*** Begin section ***

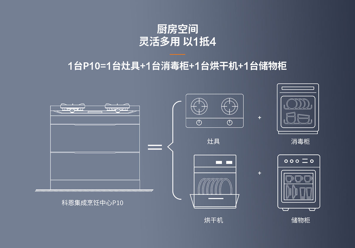 以1抵4,1臺P10=1臺灶具+1臺消毒柜+1臺烘干機+1臺儲物柜
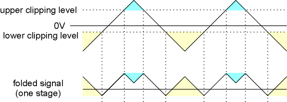 the incoming signal of each stage is folded back as soon as the signal level goes beyond the upper clipping level resp. is folded up as soon is goes below the lower clipping level (a-136 users will know this
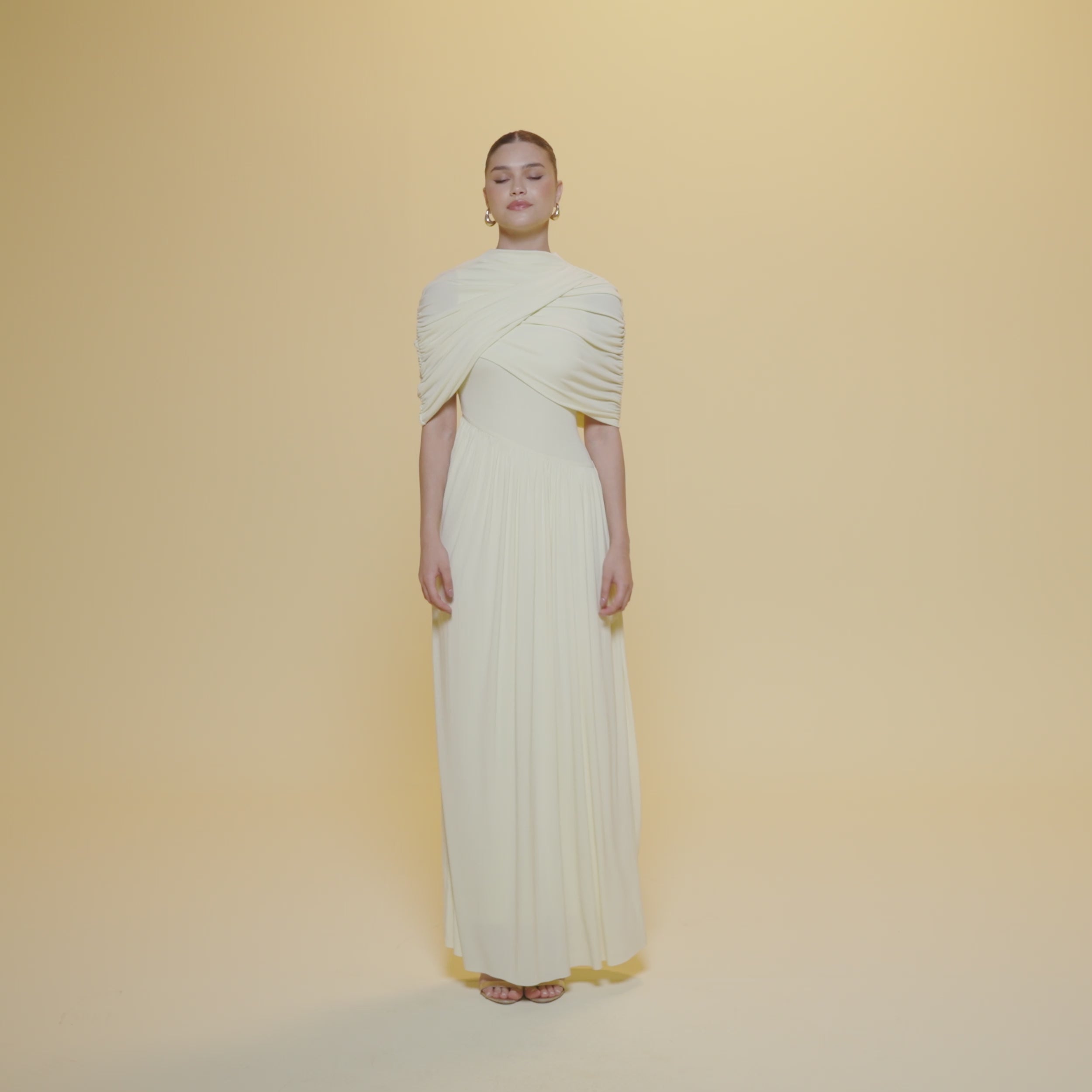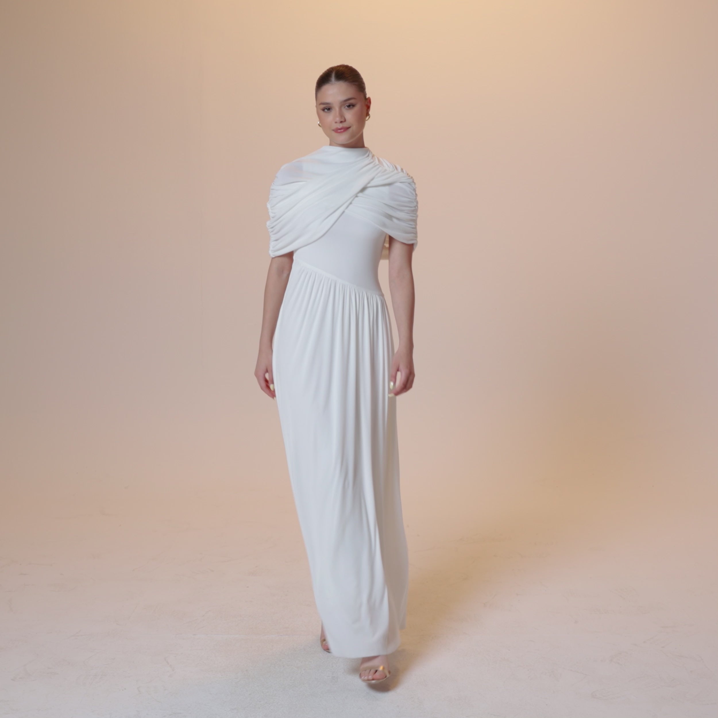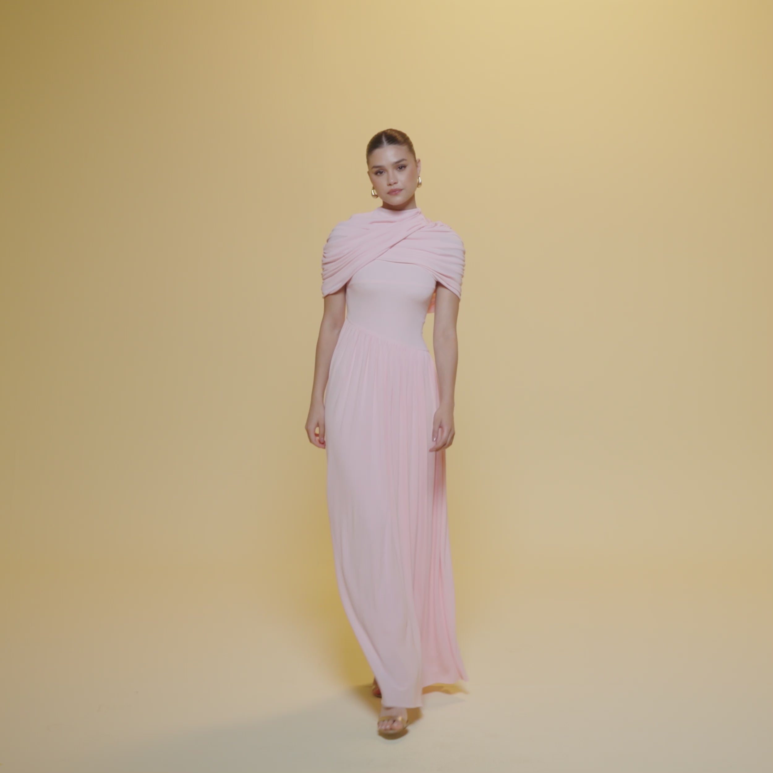 فستان ماكسي جيرسي بأكمام درابيه تنسدل بخفة على الكتفين، وتنورة بليسيه تضيف اتساعًا خفيفًا للقصة المستقيمة. تعطي الياقة المرتفعة والثنيات على الصدر توازنًا للتصميم في الجزء العلوي، ما يجعله مناسبًا لمن تبحث عن تغطية ناعمة مع طابع عصري أنيق.
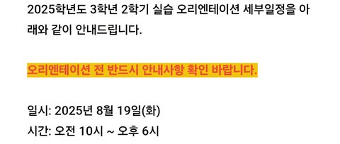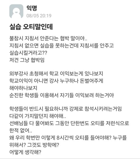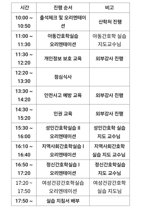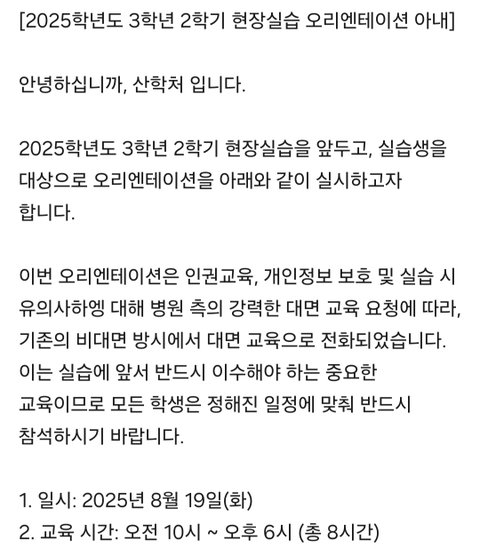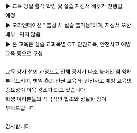 -병원 실습 나가기 전 3학년 1학기 때 실습 오티(3시간)를 이미 수료 했음. 근데 여름 방학 중에 8시간(10:00~17:00) 실습 오티를 또 하겠다고 공지를 올림. 선배들에게 물어보니 이런 경우는 처음이라 함. 방학 중 하루에 시행하는 OT임에도 불구하고 타지 학생들에 대한 교통비 등 지원이 하나도 없으며 불참할 경우 지침서를 받을 수 없고 병원 실습또한 불가능 할 것이라고 공지함. 또한 이 과정 중 병원에서 강력히 요구했다는 근거 서류 등을 학생들에게 공유하지 않음.
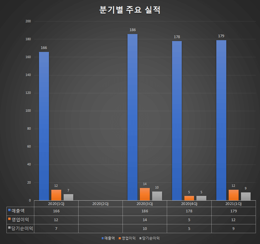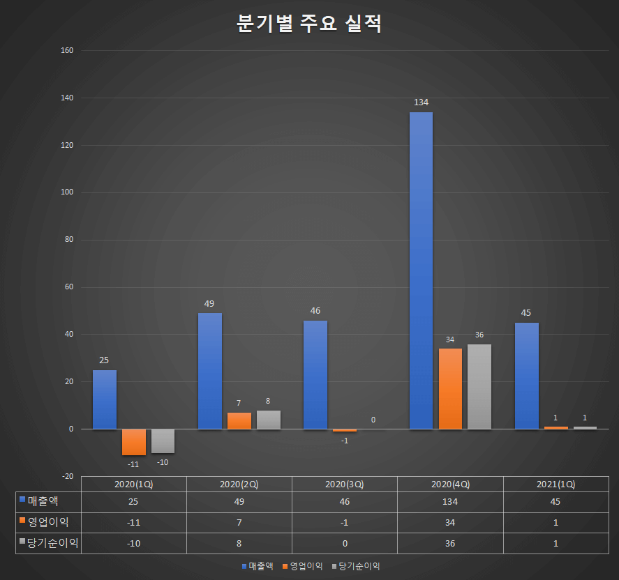 - 영업이익 : 1억원 (전년동기 -11억원)
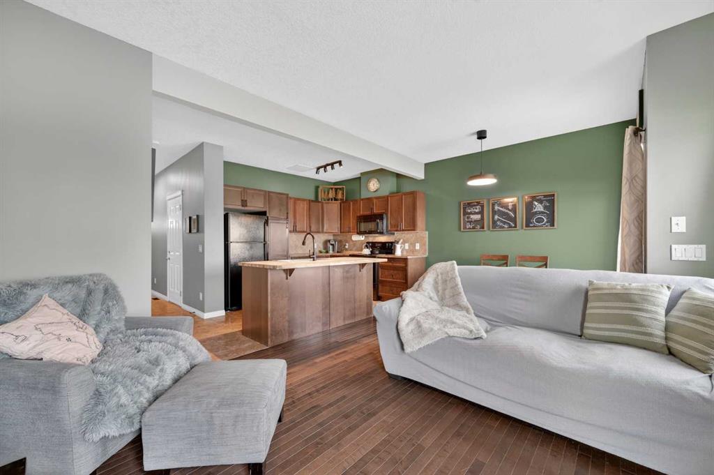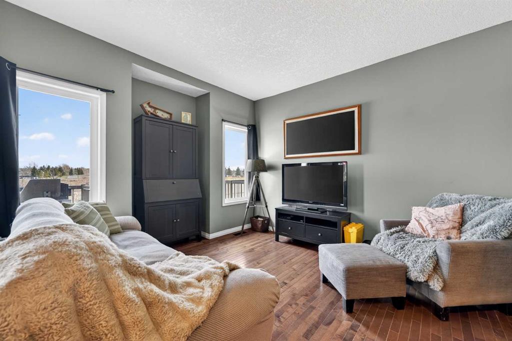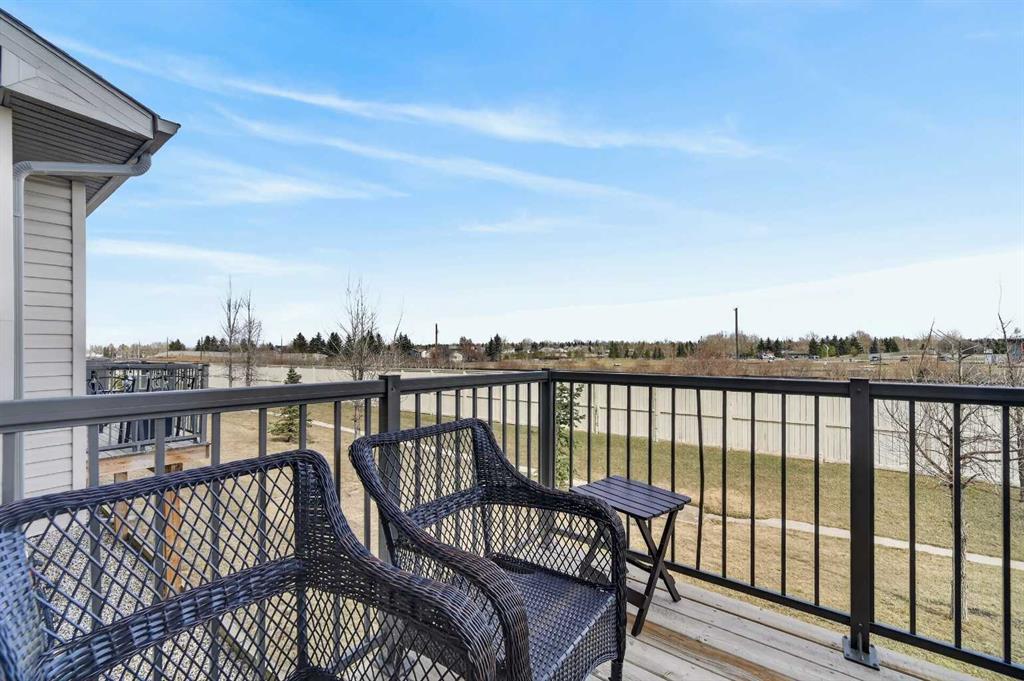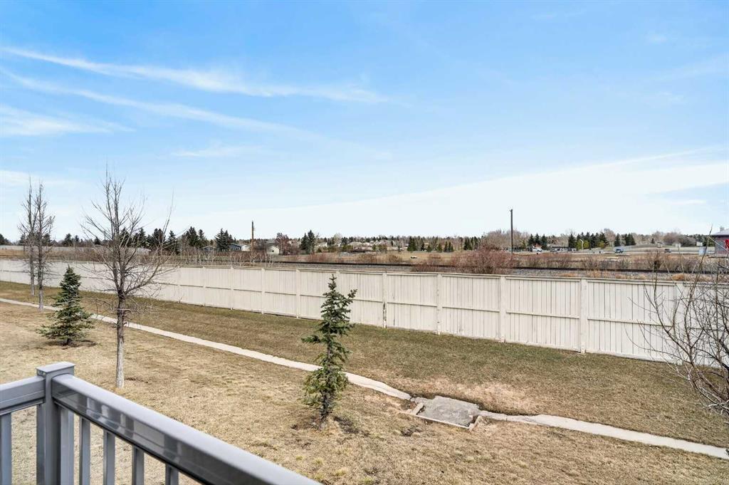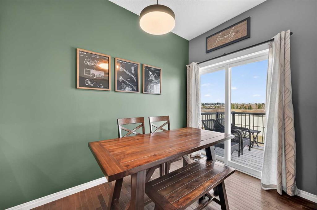 The adjacent dining and living areas are filled with natural light and flow seamlessly to the east-facing balcony, where you can enjoy peaceful views of Nose Creek Park and morning sun with added privacy and no rear neighbours. A convenient 2-piece powder room on the main level adds everyday functionality for guests.
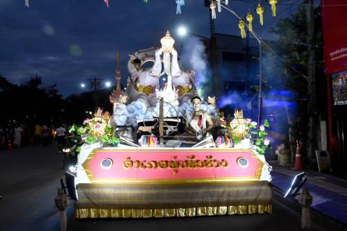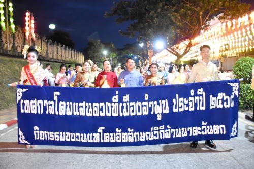 โดยในเวลา 18.30 น. ร่วมขบวนแห่โคม งานเทศกาลโคมแสนดวงที่เมืองลำพูน ประจำปี 2568 ซึ่งมีขบวนทั้งสิ้น 12 ขบวน ประกอบไปด้วยขบวนของส่วนราชการในจังหวัดลำพูน และขบวนจาก 8 อำเภอในจังหวัดลำพูน ที่เคลื่อนขบวนอย่างสวยงามบนถนนอินทยงยศ ก่อนเข้าสู่วัดพระธาตุหริภุญชัยวรมหาวิหารจังหวัดลำพูน
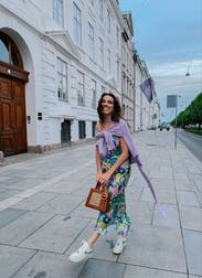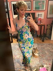 It’s giving vintage Gucci vibes. The colors are so pretty and the material is like a light weight silky but so flattering! Wore this to a nice dinner on vacation 25 weeks pregnant! I wish this could be in my closet permanently I’m so sad to send it back
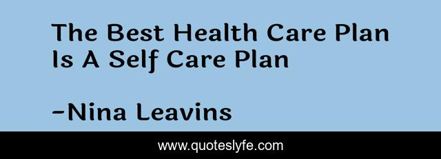 This page presents the quote "The Best Health Care Plan Is A Self Care Plan". Author of this quote is Nina Leavins. This quote is about nutrition, high-performance, rehabilitation, health, self-improvement, fitness, sleep, self-care,.
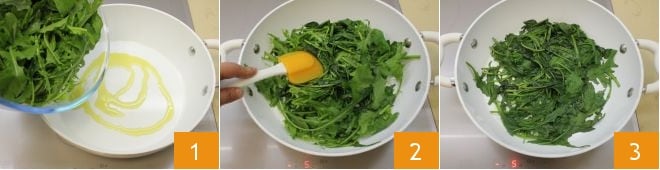 Para preparar las tartaletas de enkir con patatas y achicoria empieza haciendo la masa brisa con harina de enkir y achicoria silvestre. Primero cocina la achicoria silvestre en una sartén con un poco de aceite 1, durante pocos minutos y removiendo de vez en cuando 2, hasta que esté marchita, pero no completamente seca 3. Luego déjala enfriar completamente.
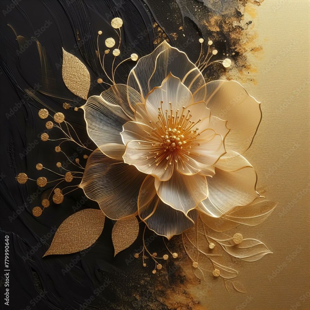 Fototapeta Trendy - Piękny abstrakcyjny kwiat, złoty na czarnym tle, generative ai #779990640

*** End section ***

▶ **WHAT IS BEING ASKED**:
Your task is to reproduce the entries above word for word, from the first line through the line with "the incoming signal", and please leave out any pictures.

▶ **ANSWER TO THIS TASK**:
 以1抵4,1臺P10=1臺灶具+1臺消毒柜+1臺烘干機+1臺儲物柜
 the incoming signal of each stage is folded back as soon as the signal level goes beyond the upper clipping level resp. is folded up as soon is goes below the lower clipping level (a-136 users will know this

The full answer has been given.